28 March 2018

The corporate rescue mechanism under Division 8 of Part III of the Companies Act 2016 came into force on 1 March 2018, together with the Companies (Corporate Rescue Mechanism) Rules 2018. The new regime introduces two new corporate rehabilitation mechanisms for financially distressed companies, i.e. judicial management schemes and corporate voluntary arrangements.

Judicial management scheme

The new judicial management procedure will allow a distressed company or its creditors to apply for an order to place the company under the management of a qualified insolvency practitioner.

An application for a judicial management order may be filed if the company or its creditor considers that:

  • the company is or will not be able to pay its debts; and
  • there is a reasonable chance to rehabilitate the company or to preserve all or part of its business as a going concern or that otherwise the interests of creditors would be better served than by resorting to a winding up.

The court will grant a judicial management order if it is satisfied that:

  • the company is or will not be able to pay its debts; and
  • the making of the judicial management order would likely result in:
    • the survival of the company, or the whole or part of its undertaking as a going concern;
    • the company obtaining approval from the court of a compromise or arrangement with its creditors or members; or
    • a more advantageous realisation of the company's assets compared to a winding up.

The essential features of a judicial management scheme are as follows:

  • Upon an application for a judicial management order, a moratorium on legal proceedings against the company by its creditors automatically applies, until the application is dismissed or an order is granted.
  • A second moratorium will automatically apply for the period during which a judicial management order is in force.
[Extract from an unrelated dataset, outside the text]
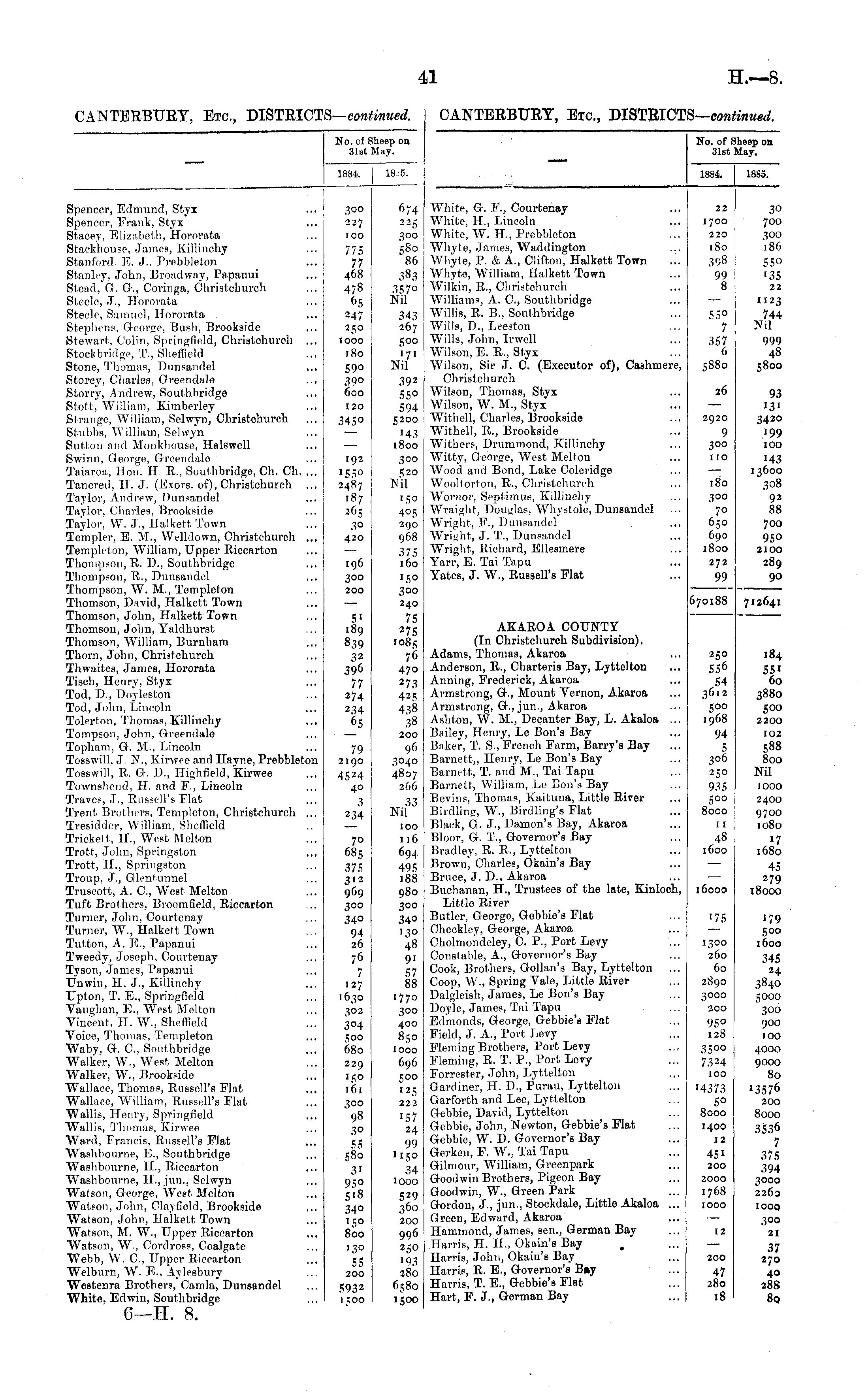 No. of Sheep on 31st May. 1881. I 1885. White, G. F., Courtenay White, H., Lincoln White, W. H., I'rebbleton Whyte, James, Waddington Wliyte, P. & A., Clifton, Halkett Town Whyte, William, Halkett Town Wil'kin, R., Christenurch Williams, A. C, South bridge Willis, R. B., Southbridge Wills, D., Leeston Wills, John, Irwcll Wilson, E. R., Styx Wilson, Sir J. C. (Executor of), Cashmere, Christchurch Wilson, Thomas, Styx Wilson, W. M., Styx Withell, Charles, Brookside Withell, R., Brookside Wither?, Drummond, Killinchy Witty, George, West Melton Wood and Bend, Lake Coleridge Wooltorton, R., Christohurch Wornor, Septimus, Kiliincliy Wraight, Douglas, Whystole, Dunsandel Wright, F., Dunsandel" Wright, J. T., Dunsandel Wright, Richard, Ellesinere Yarr, E. Tai Tapu YateB, J. W., Russell's Mat 22 1700 220 ! l8o 398 99 8 3° 7oo 3oo i86 55° '35 22 11 23 744 Nil 999 48 5800 55° 7 357 6 5880 26 93 131 3420 .'99 100 '43 13600 '308 92 88 700 95° 2100 289 90 712641 2920 9 300 1 ro 180 300 ■70 650 690 1800 272 99 670188 AKAROA COUNTY (In Christchureh Subdivision). Adams, Thomas, Akaroa Anderson, R., Charteris Bay, Lyttelton Anning, Frederick, Akaroa Armstrong, G., Mount Vernon, Akaroa Armstrong, G.,jun., Akaroa Ashton, W. M., Decanter Bay, L. Akaloa ... Bailey, Henry, Le Bon's Bay Bnker, T. S., French Farm, Barry's Bay Barnett,, Henry, Le Bon's Bay Barnett, T. and M., Tai Tapu Barnett, William, Le Eon's Bay Bevins, Thomas, Kaituna, Little River Birdling, W., Birdling's Flat Black, G. J., Damon's Bay, Akaroa Bloor, G. T., Governor's Bay Bradley, R. R., Lyttelton Brown, Charles, Okain's Bay Bruce, J. D., Akaroa Buchanan, H., Trustees of the late, Kinloch, Little River Butler, George, Gebhie's Flat Checkley, George, Akaroa Cholmondeley, C. P., Port Levy Constable, A., Governor's Bay Cook, Brothers, Gollan's Bay, Lyttelton Coop, W., Spring Vale, Little River Dalgleish, James, Le Bon's Bay Doyle, James, Tai Tapu Edmonds, George, Gebbie's Flat Field, J. A., Port Levy Fleming Brothers, Port Levy Fleming, R. T. P., Port Levy Forrester, John, Lyttelton Gardiner, H. D., Purau, Lyttelton Garforth and Lee, Lyttelton Gebbie, David, Lyttelton Gebbie, John, Newton, Gebbie's Flat Gebbie, W. D. Governor's Bay Gerken, F. W., Tai Tapu Gilmour, William, Greenpark Goodwin Brothers, Pigeon Bay Goodwin, W., Green Park Gordon, J., jun., Stockdale, Little Akaloa ... Green, Edward, Akaroa Hammond, James, sen., German Bay Harris, H. H.. Okain's Bay Harris, John, Okain's Bay Harris, R. E., Governor's Bay Harris, T. E., Gebbie's Flat Hart, F. J., German Bay 250 556 54 3612 500 1968 94 5 306 250 935 500 8000 11 48 1600 16000 ■75 1300 260 60 2890 3000 200 184 60 3880 500 2200 102 588 800 Nil 1000 2400 9700 1080 >7 1680 45 279 18000 '79 500 1600 345 24 3840 5000 300 900 100 4000 9000 80 13576 200 8000 3536 7 375 394 3000 2260 95° 128 35°° 7324 ico H.573 5° 8000 1400 12 45i 200 2000 1768 1000 1000 300 21 12 200 47 280 18 37 270 40 28S 80

Such an order will remain in force for six months, unless earlier discharged, although the judicial manager may apply for an extension of time.
  • An appointed judicial manager is required, within 60 days (or such longer period as the court may allow), to send the creditors of the company a statement of his proposals for achieving the purposes for which the order was made, and to present a copy of this statement before a meeting of the company’s creditors.
  • If the proposals are approved by a majority of 75% in value of the creditors present and voting either in person or in proxy, the proposals will be binding on all creditors of the company.
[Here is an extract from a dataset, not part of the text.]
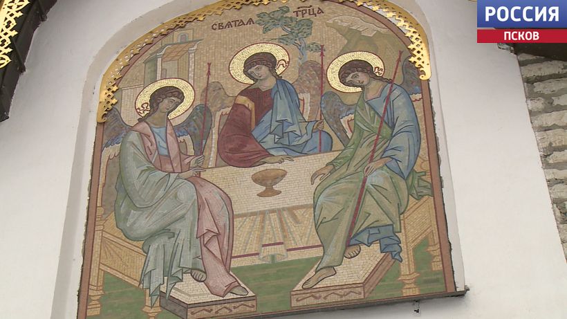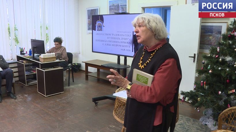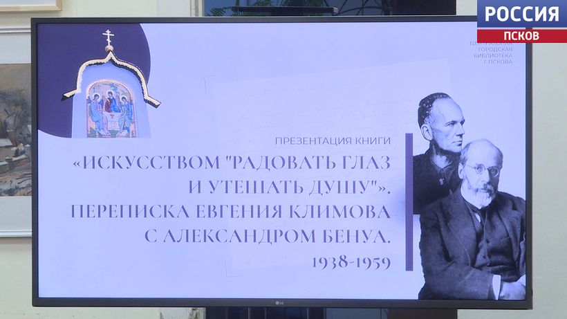 О художнике, который навсегда связан с Псковом напомнили в Центральной городской библиотеке областного центра. Краевед Тамара Вересова презентовала книгу "Искусством" радовать глаз и утешать душу". Это публикация 20-летней переписки Александра Бенуа и Евгения Климова - до, во время и после второй мировой. И если Бенуа - одна из главных фигур серебряного века, то Климов - лишь один из художников-пейзажистов. Однако именно мозаика Евгения Климова украшает подход к Троицкому собору в Пскове. Работу над иконой творец начал в 1942 году, готова Троица была как раз к освобождению города, но свое нынешнее место заняла только в 2003 году.

Corporate voluntary arrangement

In comparison with a judicial management scheme, a corporate voluntary arrangement (“CVA”) allows a company to present a proposal to its unsecured creditors for a voluntary arrangement with minimal intervention from the court.

A CVA cannot be proposed by the following types of company:

  • a public company;
  • a licensed institution or an operator of a designated payment system regulated under the laws enforced by the Central Bank of Malaysia;
  • a company which is subject to the Capital Markets and Services Acts 2007; or
  • a company which has created a charge over its property or any of its undertaking.

The essential features of a CVA regime are as follows:

  • The directors of a company may initiate a CVA by submitting a proposal for voluntary arrangement to the company’s creditors.
  • A nominee appointed by the directors as a trustee or supervisor is then required to submit to the directors a statement indicating whether or not in his opinion the proposed CVA has a reasonable prospect of being approved and implemented; and whether the company is likely to have sufficient funds available for it during the proposed moratorium to enable the company to carry on its business.
  • Upon the filing of such statement and other relevant documents with the courts, a moratorium will automatically commence and remain in force for a period of 28 days, during which period the nominee is required to summon separate meetings of the company and its creditors.
  • A resolution approving the CVA at the meeting of the company may be passed by a simple majority, whereas the required majority to approve the CVA at the meeting of creditors is 75% of the total value of the creditors present and voting in person or by proxy.
  • Once approved by the requisite majorities, the CVA will be binding on all creditors of the company.
  • The initial moratorium period may be extended beyond the initial 28-day period, to not more than 60 days, if approved by a 75% majority in value of creditors and consented to by the nominee and members of the company.